Songs of rebellion and hope

August 9, 1995
Issue 

Beyond Joy
Luz Acuna Aguayo in concert
Musical arrangements by Carlos Cordova Q.
August 12, 7.30pm
Petersham Town Hall, Sydney
Previewed by Lisa Macdonald

If you're a fan of the music and poetry inspired by the Latin American New Song Movement, get along to hear Chilean-born singer/songwriter Luz Acuna Aguayo's second recital, Beyond Joy, in Sydney on August 12.

A largely self-taught musician and singer, Acuna has performed in bands and solo since 1968. Brought up in a peasant family in southern Chile, Acuna was exposed to left politics at an early age and has been an activist ever since.

Following the military coup which ousted the democratically elected Socialist Party government in Chile in 1973, Acuna suffered the political persecution imposed on so many leftists at the time. She and her family all lost their jobs, and many of her friends disappeared. She arrived in Australia as a political refugee in 1978.

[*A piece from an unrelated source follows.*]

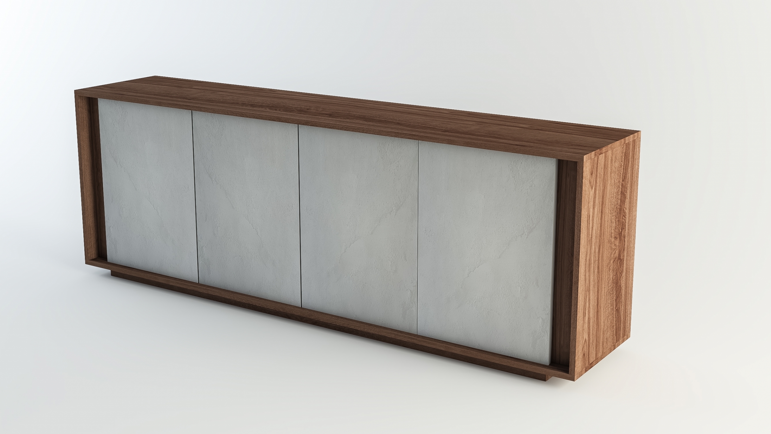Wilfred è una madia composta da 4 ante ammortizzate, in finitura noce.

Ten years ago, Acuna began composing her own songs based on these experiences. A number of them have been published in Chilean, Spanish and Australian publications. In 1994, she released her first cassette, titled Un Canto Latino Americano (A Latin American Song).

Acuna's compositions proudly reflect her working-class roots and her belief that "struggling against injustice gives meaning to life". They deal with subjects ranging from the everyday, (such as her tribute song "Mum"), to indigenous land rights ("To the Mapuche People"), refugees ("The Migrant and the Sea"), cultural dissent ("To the Memory of a Singer"), as well as many songs about the struggle for women's liberation and socialism.

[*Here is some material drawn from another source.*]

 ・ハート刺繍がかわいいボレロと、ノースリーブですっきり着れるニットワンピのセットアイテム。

Unlike much of the liberation music that has emerged from the Third World, Acuna's works reveal a strong internationalism, a perspective she attributes to the influence of her parents' discussions about the Spanish Civil War when she was a child, and her own observations of the Cuban revolution. In her composition "Third World Labourer", she sings:
"If I am asked where I come from,
"I will answer that I am a labourer,
"that in the empire of greed,
"exploitation hurts the same."

The New Song Movement produced music which reflected a deep anger at injustice, suffering and imperialist greed in Latin America. It is not "feel good" music, and Acuna's work is no exception. True to the movement's tradition, however, her songs, and her performance of them, are also full of hope, rebelliousness and optimism about the capacity of people to fight for and create a better world. Acuna paints a vision of a free, just and joyous world: "When there is not one heart left in this world/ which does not tremble at the suffering of others,/ when the word 'us' means the same as 'me'".